2. El Origen Divino de la Unidad

Nuestra unidad no es algo que debamos "crear" mediante esfuerzos humanos, sino algo que debemos guardar, pues su origen es la Trinidad misma.

El Siete de la Unidad (Efesios 4:5-6)

Existen siete elementos que fundamentan nuestra realidad espiritual:

  1. Un Cuerpo: La Iglesia única que reúne a todos los redimidos.

  2. Un Espíritu: Quien nos integra en un solo organismo por el bautismo.

  3. Una Esperanza: El anhelo común de nuestra herencia eterna.

  4. Un Señor: Jesucristo, único objeto de nuestra fe.

  5. Una Fe: Las doctrinas fundamentales de la ortodoxia cristiana.

  6. Un Bautismo: El sello de nuestra unión con Cristo.

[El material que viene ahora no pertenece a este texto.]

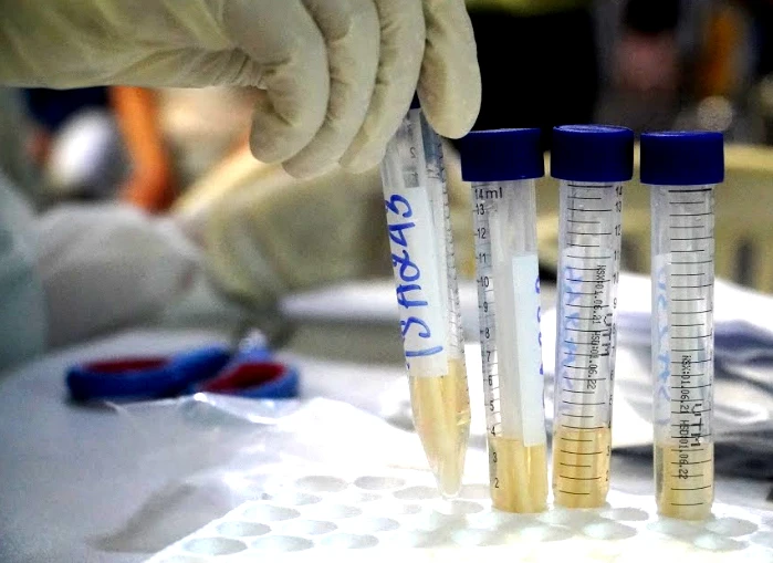Mẫu người bệnh được đưa xét nghiệm SARS-CoV-2. Ảnh: MINH TÂM

  7. Un Dios y Padre: Quien crea una única familia bajo Su soberanía.

3. La Paradoja de la Desunión y la Apostasía

Aunque Cristo no está dividido, el cuerpo visible de creyentes a menudo lo está. Es vital distinguir entre las divisiones por orgullo y las divisiones por fidelidad a la Verdad.

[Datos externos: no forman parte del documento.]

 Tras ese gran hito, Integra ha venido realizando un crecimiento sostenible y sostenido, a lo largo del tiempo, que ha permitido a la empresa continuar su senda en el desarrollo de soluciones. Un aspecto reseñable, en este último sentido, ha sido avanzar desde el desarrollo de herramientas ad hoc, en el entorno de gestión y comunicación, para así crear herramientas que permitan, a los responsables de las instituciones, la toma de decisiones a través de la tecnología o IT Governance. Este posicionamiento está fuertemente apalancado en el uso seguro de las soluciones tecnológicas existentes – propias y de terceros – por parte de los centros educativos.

¿Cuándo es necesaria la división?

Existen disensiones que Dios permite para que se manifiesten "los que son aprobados" 1 Corintios 11:19. Cuando un grupo o denominación niega la claridad de la Escritura y permanece sin arrepentirse (como en el caso de la aceptación abierta de prácticas que la Biblia llama pecado o la apostasía doctrinal), es bíblico y prudente romper relaciones para preservar la pureza.

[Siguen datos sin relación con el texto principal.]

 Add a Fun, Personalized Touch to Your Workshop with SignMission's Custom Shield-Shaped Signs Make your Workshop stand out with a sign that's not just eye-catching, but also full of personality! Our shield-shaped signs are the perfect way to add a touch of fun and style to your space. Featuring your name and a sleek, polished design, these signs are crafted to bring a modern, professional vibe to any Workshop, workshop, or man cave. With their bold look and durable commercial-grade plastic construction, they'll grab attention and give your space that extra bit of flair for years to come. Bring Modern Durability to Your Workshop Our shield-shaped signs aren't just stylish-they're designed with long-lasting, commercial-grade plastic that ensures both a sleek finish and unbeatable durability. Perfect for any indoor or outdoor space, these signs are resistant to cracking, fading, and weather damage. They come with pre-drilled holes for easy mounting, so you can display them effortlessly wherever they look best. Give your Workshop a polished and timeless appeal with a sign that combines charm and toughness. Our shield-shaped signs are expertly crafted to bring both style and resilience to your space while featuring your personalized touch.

El peligro de las disputas no fundamentales

Por otro lado, muchos cristianos usan temas no esenciales (estilos de adoración, detalles escatológicos o posturas teológicas secundarias) como justificación para la ira y la división. En estos casos, el amor es sacrificado por el orgullo. Debemos recordar que "Aquel que es poderoso para hacerle estar firme" sostiene a nuestro hermano, aunque piense diferente en lo no fundamental (Romanos 14:4).

4. Diversidad de Ministerios para el Crecimiento

La unidad no es uniformidad. Cristo ha enriquecido a Su Iglesia con una diversidad de dones para equipar a los santos para el servicio:

  • Apóstoles y Profetas: Constituyen el fundamento y los receptores de la revelación original.

  • Evangelistas: Aquellos con el don de la obra pionera y la predicación de salvación.

  • Pastores-Maestros: Encargados de alimentar y cuidar la grey mediante la enseñanza constante.

5. Hacia la Madurez y el Arrepentimiento

La Iglesia debe crecer hasta alcanzar la "estatura de la plenitud de Cristo". Esto requiere un compromiso personal y colectivo:

Superar las Barreras Denominacionales

En el trono de Dios no habrá etiquetas de "Bautista", "Presbiteriano" o "Pentecostal". Todos seremos corregidos en nuestra teología ante Su presencia. Por lo tanto, nuestra prioridad debe ser el terreno común que nos une: ¡Jesús! ### El Equilibrio: Verdad y Amor

  • Seguir la verdad en amor: Si sacrificamos la verdad por el amor, caemos en el sentimentalismo. Si sacrificamos el amor por la verdad, caemos en la frialdad doctrinal. La verdad debe ser suavizada por el amor, y el amor fortalecido por la verdad.

Conclusión: La apostasía comienza en el corazón cuando ponemos distancia con nuestros hermanos por opiniones secundarias. La Iglesia necesita arrepentirse, mirarse a sí misma y decidir permanecer unida en las doctrinas fundamentales contra el verdadero enemigo. El amor es el vínculo que convencerá al mundo de que somos Suyos.